- Description of the task -
The reply needs the lines from the one containing "Happy Easter paper" through the end of the material, each repeated exactly, and no pictures.

- Information provided -
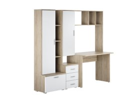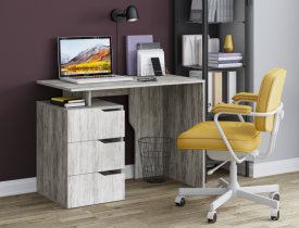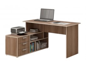 Помимо привычной столешницы здесь присутствует тумба с вместительным ящиком и полками.
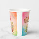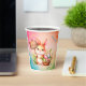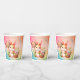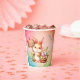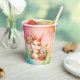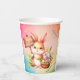 Happy Easter paper cups with a Bunny holding a basket with flowers and colored eggs
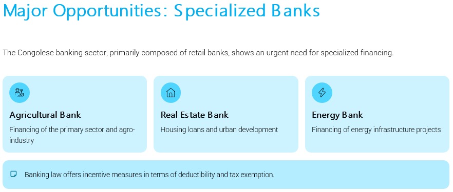 A ce jour, le secteur financier congolais comprend 357 institutions supervisées par la BCC, dominées par 15 banques commerciales qui détiennent 92,4 % du total des actifs. L'activité bancaire a quadruplé en 10 ans, passant de 4,8 milliards de dollars américains à 20,7 milliards de dollars américains.

- Written response -
 Happy Easter paper cups with a Bunny holding a basket with flowers and colored eggs
 A ce jour, le secteur financier congolais comprend 357 institutions supervisées par la BCC, dominées par 15 banques commerciales qui détiennent 92,4 % du total des actifs. L'activité bancaire a quadruplé en 10 ans, passant de 4,8 milliards de dollars américains à 20,7 milliards de dollars américains.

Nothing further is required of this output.